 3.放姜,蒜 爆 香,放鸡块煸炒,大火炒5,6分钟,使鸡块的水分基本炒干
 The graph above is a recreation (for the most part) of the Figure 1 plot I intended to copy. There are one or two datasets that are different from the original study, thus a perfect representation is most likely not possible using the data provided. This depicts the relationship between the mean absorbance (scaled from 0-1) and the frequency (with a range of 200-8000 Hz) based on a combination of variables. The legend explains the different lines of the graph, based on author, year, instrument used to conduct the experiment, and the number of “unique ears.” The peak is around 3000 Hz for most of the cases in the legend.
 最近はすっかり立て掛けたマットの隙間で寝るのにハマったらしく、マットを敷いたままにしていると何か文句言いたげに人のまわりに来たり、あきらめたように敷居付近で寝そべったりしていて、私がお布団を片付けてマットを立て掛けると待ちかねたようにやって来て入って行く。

--

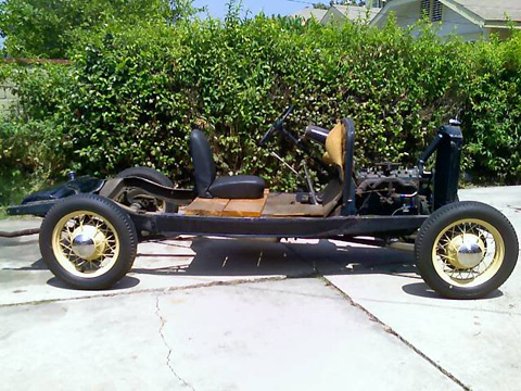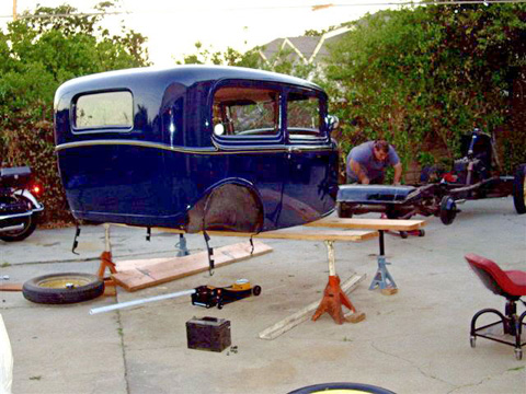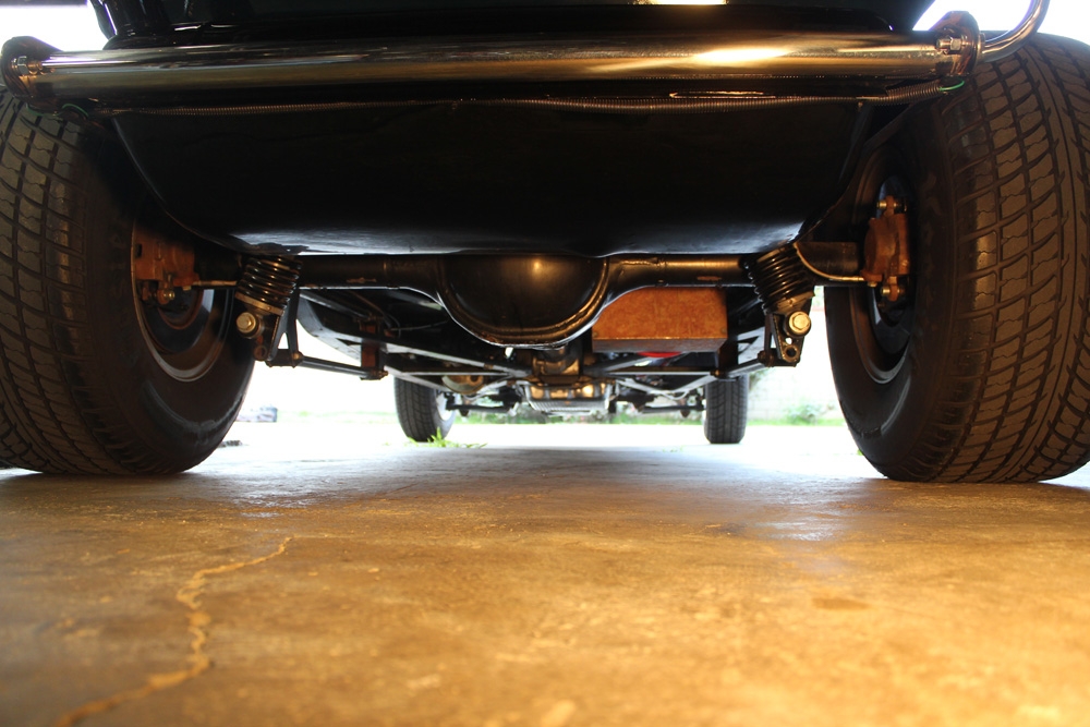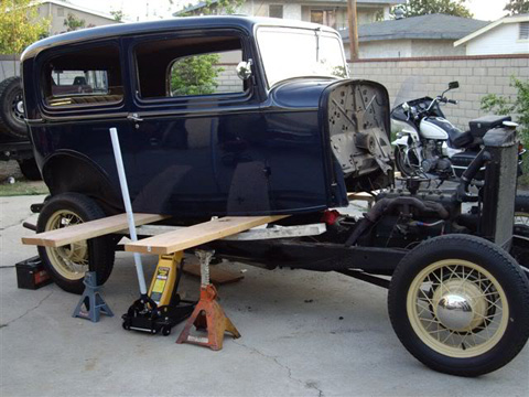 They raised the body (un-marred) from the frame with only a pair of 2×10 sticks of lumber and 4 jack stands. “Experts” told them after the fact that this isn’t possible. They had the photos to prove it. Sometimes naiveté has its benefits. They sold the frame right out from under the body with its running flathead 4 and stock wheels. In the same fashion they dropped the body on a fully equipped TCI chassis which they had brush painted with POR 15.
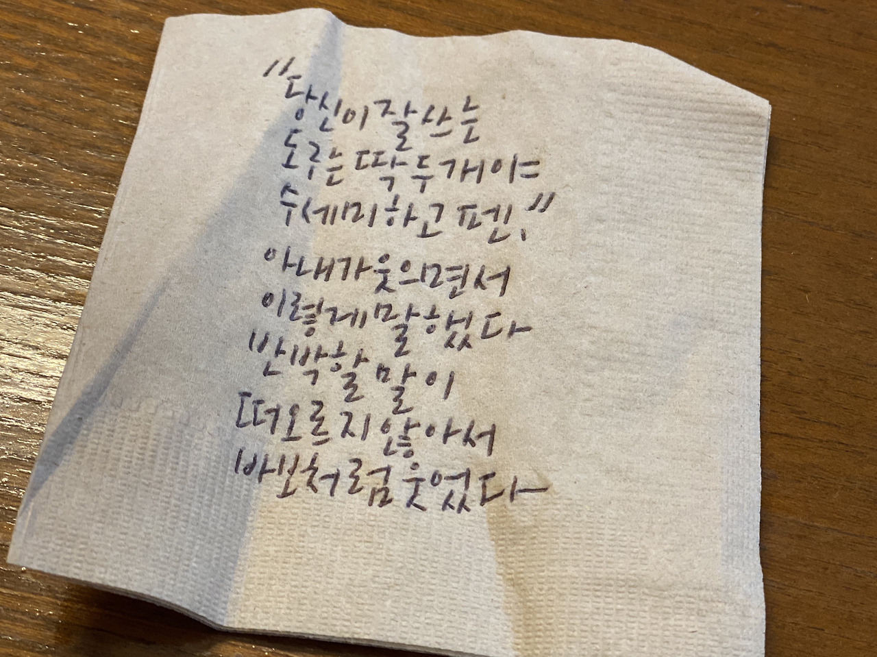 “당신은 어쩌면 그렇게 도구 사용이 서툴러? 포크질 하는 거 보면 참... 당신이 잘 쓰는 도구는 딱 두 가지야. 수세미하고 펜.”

_What this task involves_
Look above for the line containing "3.放姜,蒜 爆 香,放鸡块煸炒,大火炒5,6分钟,使鸡块的水分基本炒干" and the line containing "最近はすっかり立て掛けたマッ". Transcribe both, with the lines between them, exactly.

_Answer for the task_
 3.放姜,蒜 爆 香,放鸡块煸炒,大火炒5,6分钟,使鸡块的水分基本炒干
 The graph above is a recreation (for the most part) of the Figure 1 plot I intended to copy. There are one or two datasets that are different from the original study, thus a perfect representation is most likely not possible using the data provided. This depicts the relationship between the mean absorbance (scaled from 0-1) and the frequency (with a range of 200-8000 Hz) based on a combination of variables. The legend explains the different lines of the graph, based on author, year, instrument used to conduct the experiment, and the number of “unique ears.” The peak is around 3000 Hz for most of the cases in the legend.
 最近はすっかり立て掛けたマットの隙間で寝るのにハマったらしく、マットを敷いたままにしていると何か文句言いたげに人のまわりに来たり、あきらめたように敷居付近で寝そべったりしていて、私がお布団を片付けてマットを立て掛けると待ちかねたようにやって来て入って行く。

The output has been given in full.